■ What the exercise asks
Start to finish, write out the entries exactly, leaving the pictures aside.

■ Material for this exercise
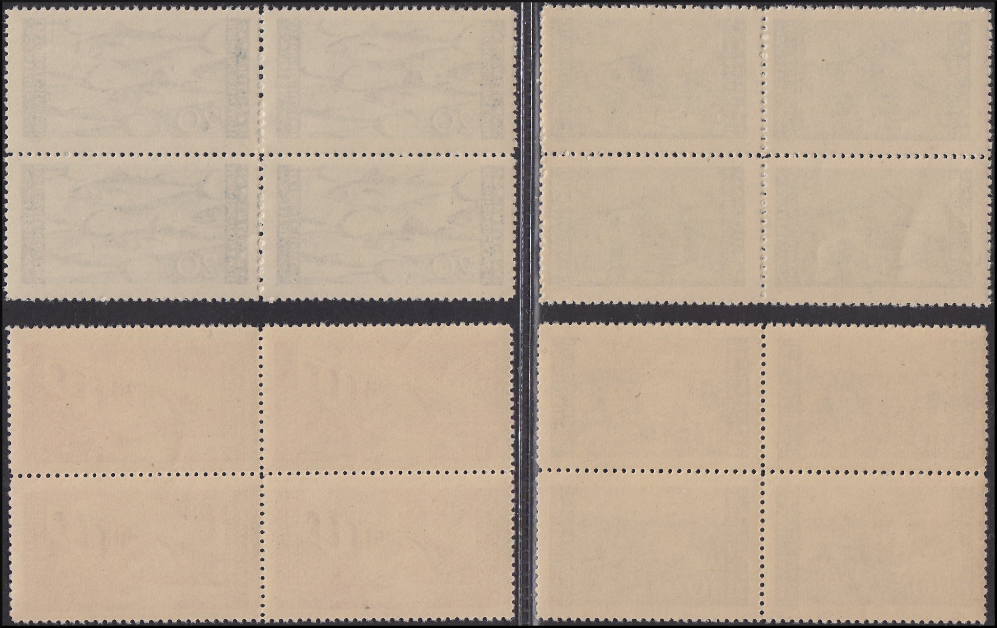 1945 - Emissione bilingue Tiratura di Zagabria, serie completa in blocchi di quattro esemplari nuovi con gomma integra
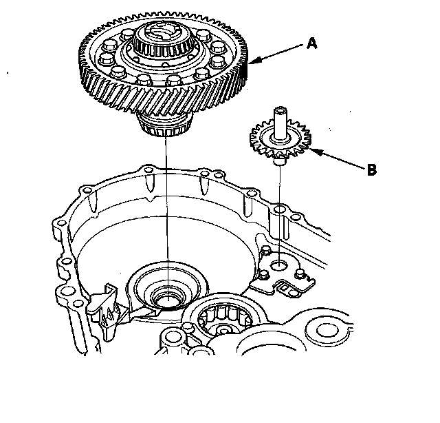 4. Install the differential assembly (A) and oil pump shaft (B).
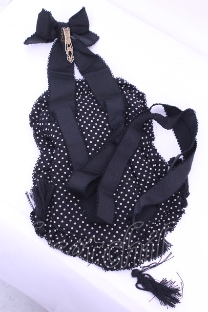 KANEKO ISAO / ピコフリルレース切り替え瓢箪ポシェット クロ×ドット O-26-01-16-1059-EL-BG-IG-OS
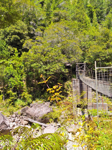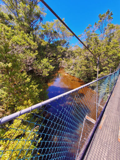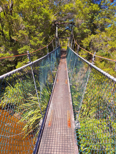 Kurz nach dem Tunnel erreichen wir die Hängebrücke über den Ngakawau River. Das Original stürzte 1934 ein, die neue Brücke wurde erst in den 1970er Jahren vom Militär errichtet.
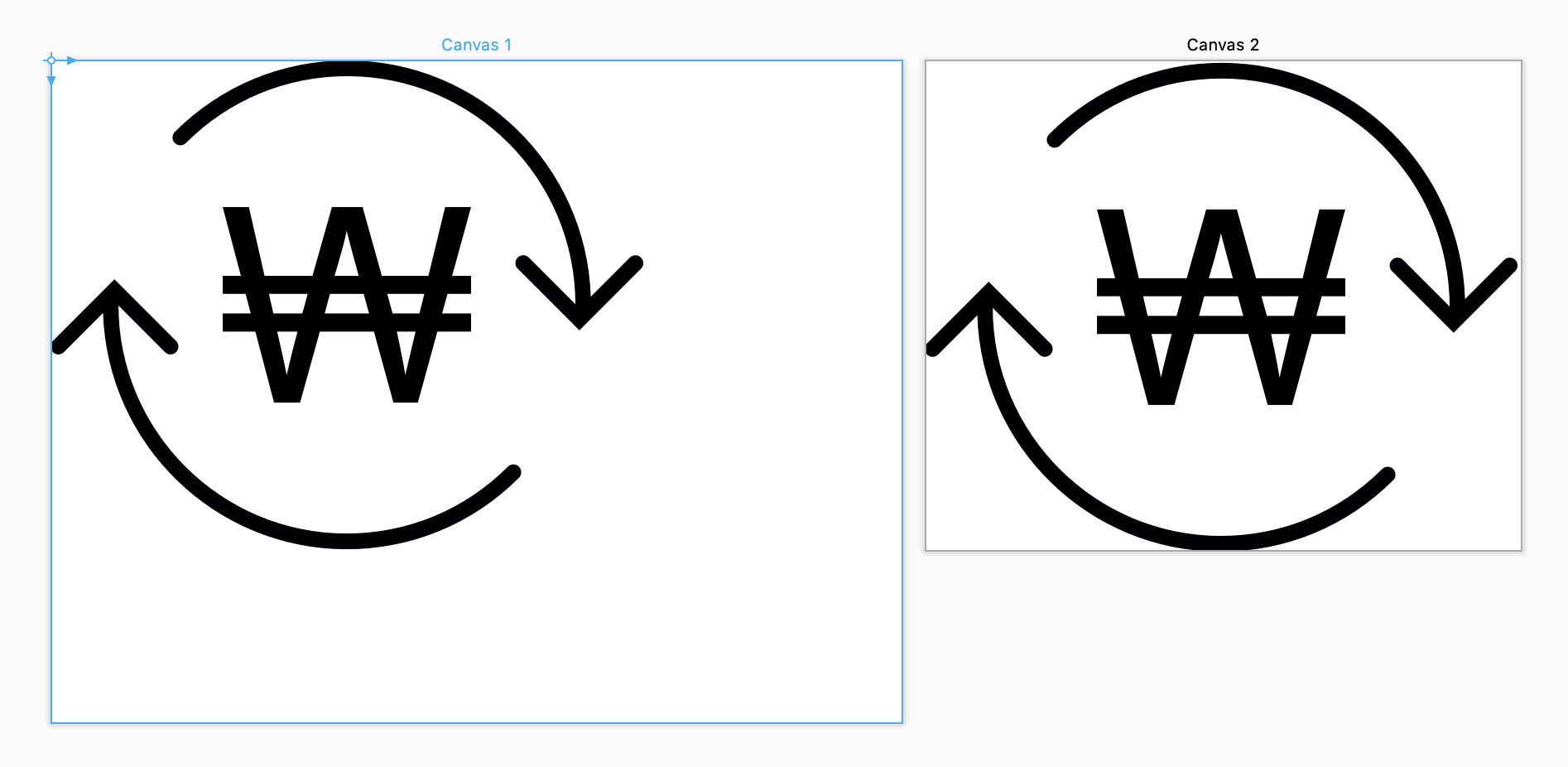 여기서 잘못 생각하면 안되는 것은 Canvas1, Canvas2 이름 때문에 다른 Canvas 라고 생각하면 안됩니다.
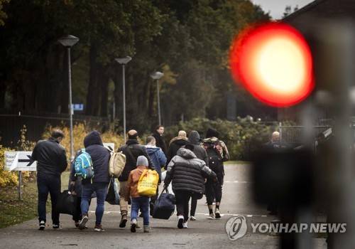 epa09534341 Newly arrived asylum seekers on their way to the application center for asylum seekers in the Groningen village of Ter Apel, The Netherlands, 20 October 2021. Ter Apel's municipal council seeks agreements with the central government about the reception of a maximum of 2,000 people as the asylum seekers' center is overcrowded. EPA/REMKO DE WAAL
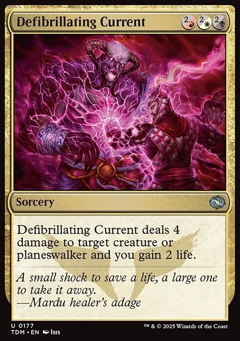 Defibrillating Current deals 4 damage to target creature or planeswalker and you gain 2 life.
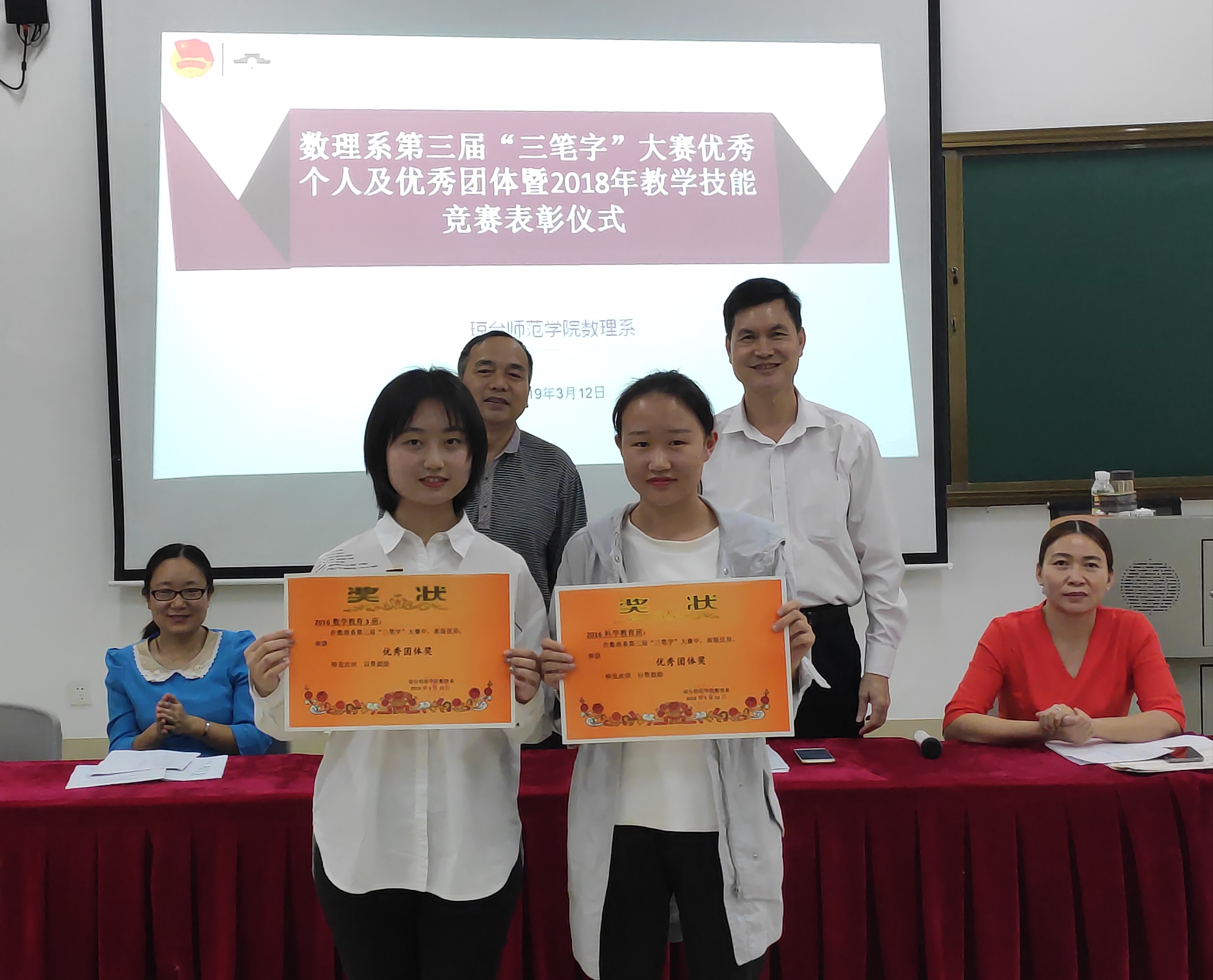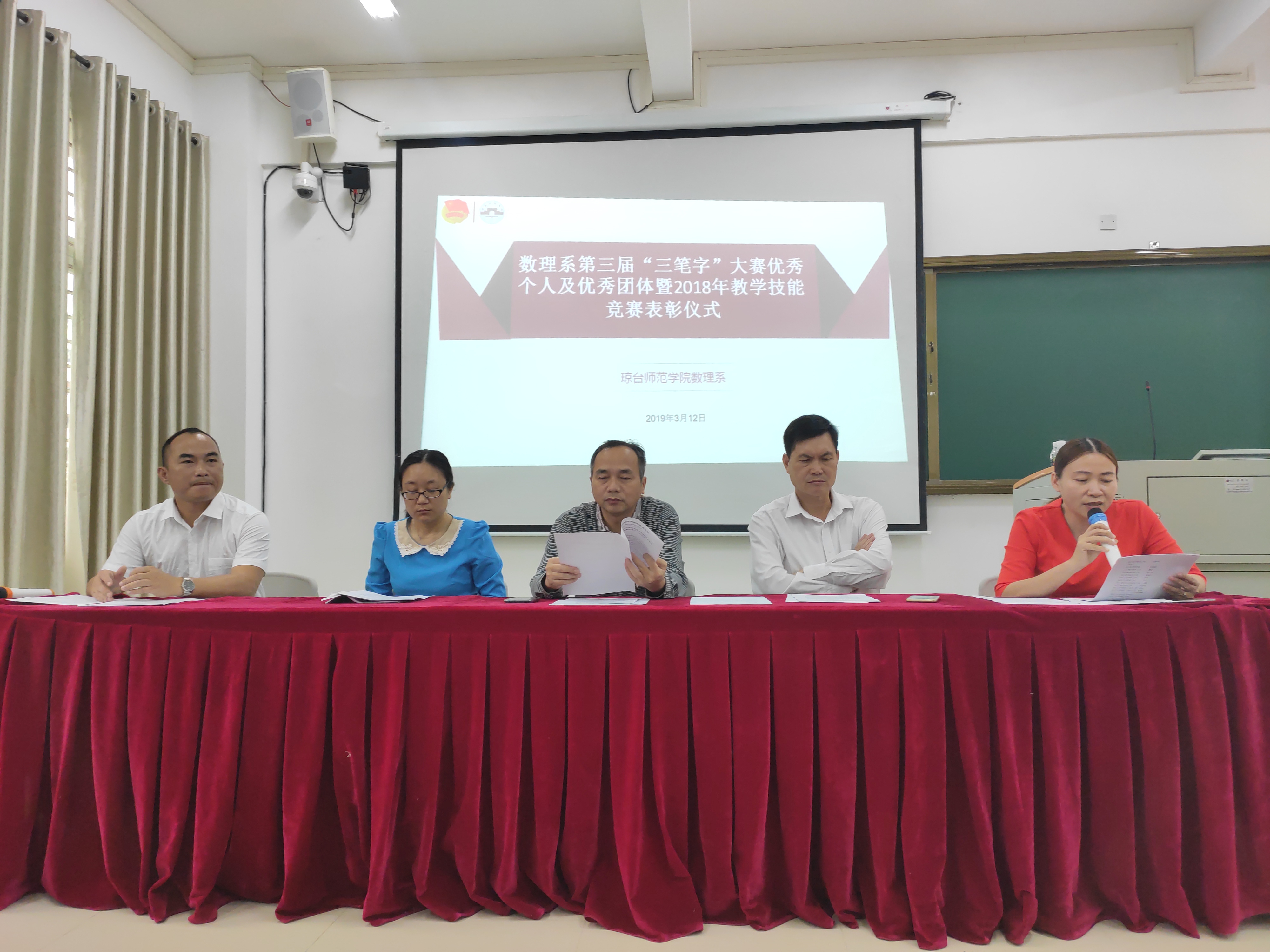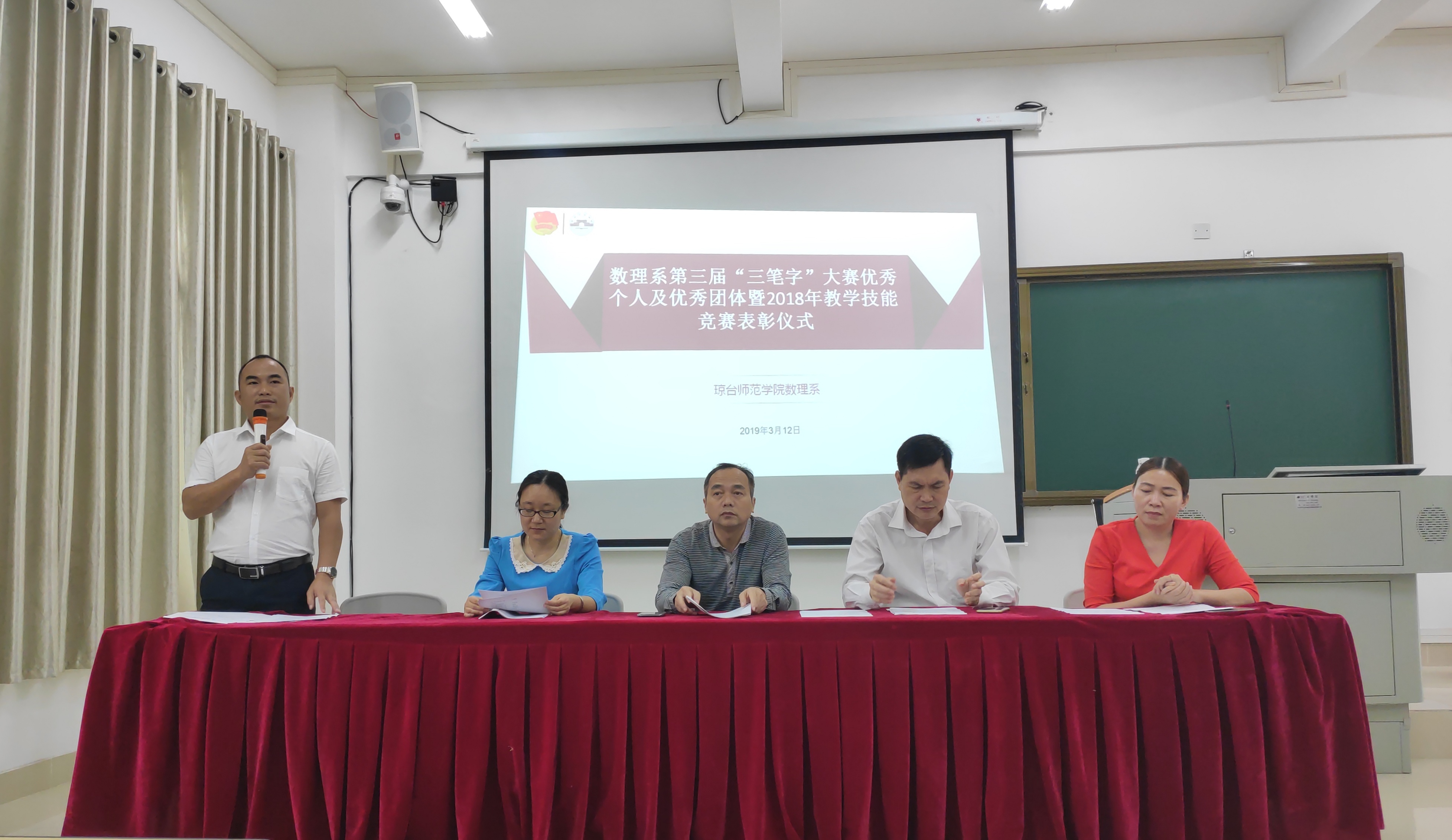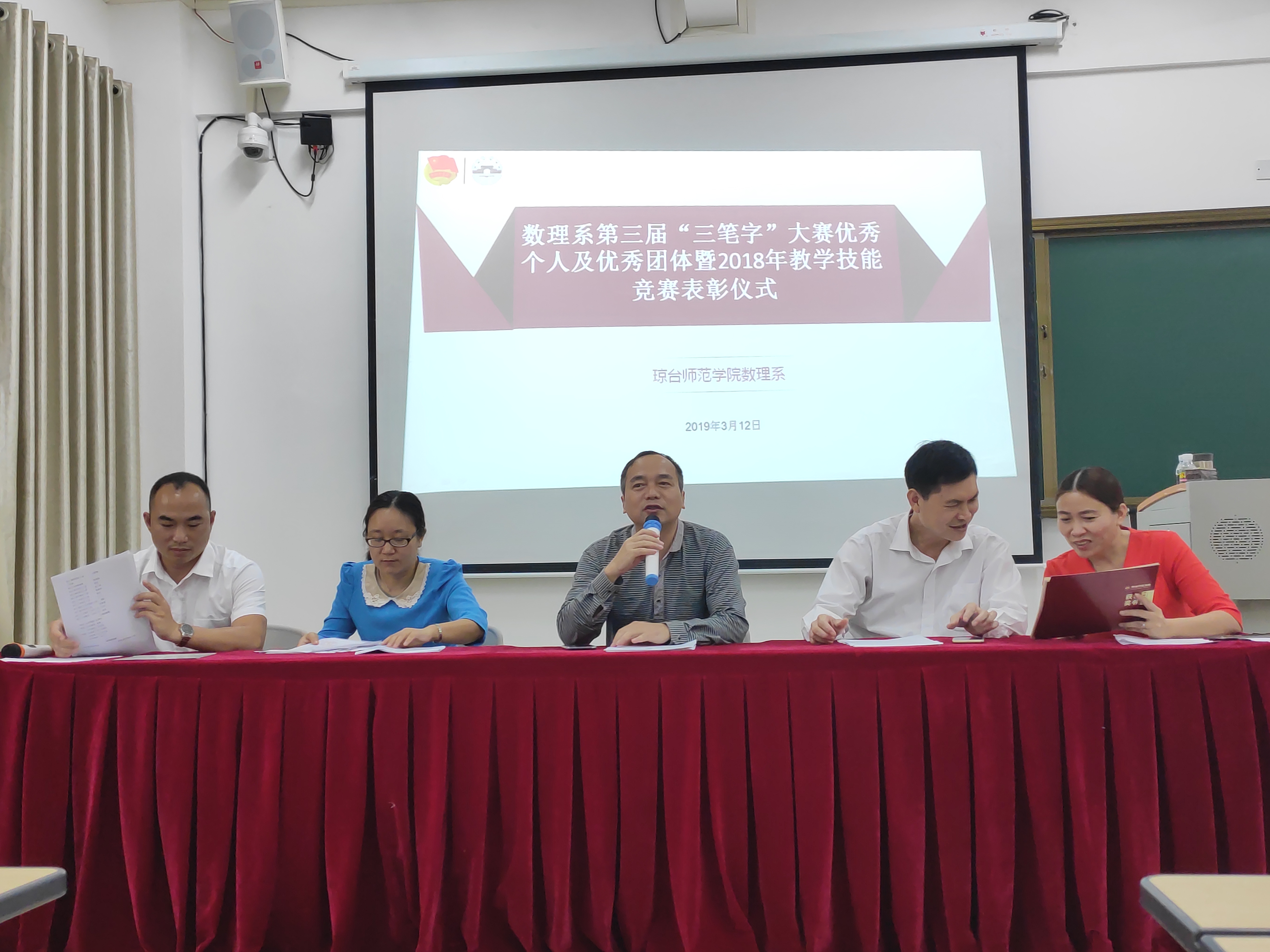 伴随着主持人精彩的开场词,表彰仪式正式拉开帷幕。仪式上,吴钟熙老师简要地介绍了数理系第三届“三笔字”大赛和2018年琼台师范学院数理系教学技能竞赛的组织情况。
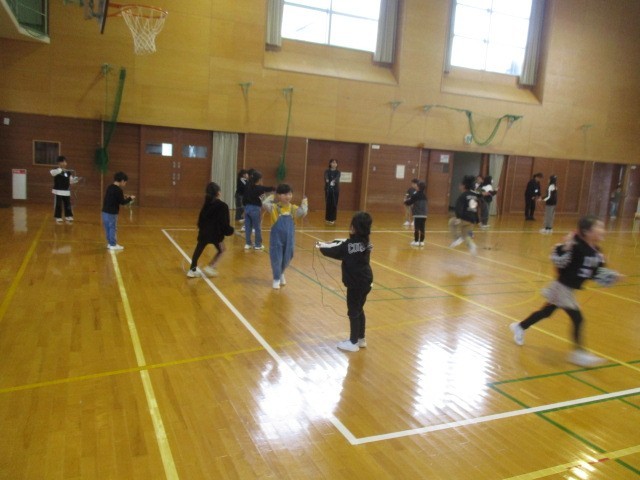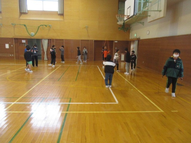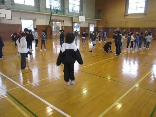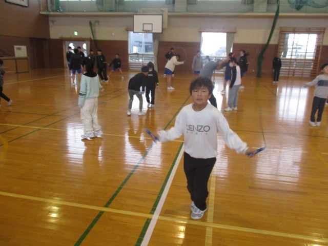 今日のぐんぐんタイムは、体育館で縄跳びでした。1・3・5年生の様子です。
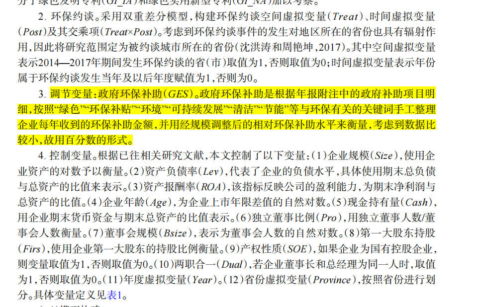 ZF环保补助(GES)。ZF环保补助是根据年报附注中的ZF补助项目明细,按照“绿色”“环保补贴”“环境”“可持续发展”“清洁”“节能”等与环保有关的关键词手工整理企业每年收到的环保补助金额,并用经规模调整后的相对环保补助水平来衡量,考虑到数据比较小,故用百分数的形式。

■ Solution for this exercise
 1945 - Emissione bilingue Tiratura di Zagabria, serie completa in blocchi di quattro esemplari nuovi con gomma integra
 4. Install the differential assembly (A) and oil pump shaft (B).
 KANEKO ISAO / ピコフリルレース切り替え瓢箪ポシェット クロ×ドット O-26-01-16-1059-EL-BG-IG-OS
 Kurz nach dem Tunnel erreichen wir die Hängebrücke über den Ngakawau River. Das Original stürzte 1934 ein, die neue Brücke wurde erst in den 1970er Jahren vom Militär errichtet.
 여기서 잘못 생각하면 안되는 것은 Canvas1, Canvas2 이름 때문에 다른 Canvas 라고 생각하면 안됩니다.
 epa09534341 Newly arrived asylum seekers on their way to the application center for asylum seekers in the Groningen village of Ter Apel, The Netherlands, 20 October 2021. Ter Apel's municipal council seeks agreements with the central government about the reception of a maximum of 2,000 people as the asylum seekers' center is overcrowded. EPA/REMKO DE WAAL
 Defibrillating Current deals 4 damage to target creature or planeswalker and you gain 2 life.
 伴随着主持人精彩的开场词,表彰仪式正式拉开帷幕。仪式上,吴钟熙老师简要地介绍了数理系第三届“三笔字”大赛和2018年琼台师范学院数理系教学技能竞赛的组织情况。
 今日のぐんぐんタイムは、体育館で縄跳びでした。1・3・5年生の様子です。
 ZF环保补助(GES)。ZF环保补助是根据年报附注中的ZF补助项目明细,按照“绿色”“环保补贴”“环境”“可持续发展”“清洁”“节能”等与环保有关的关键词手工整理企业每年收到的环保补助金额,并用经规模调整后的相对环保补助水平来衡量,考虑到数据比较小,故用百分数的形式。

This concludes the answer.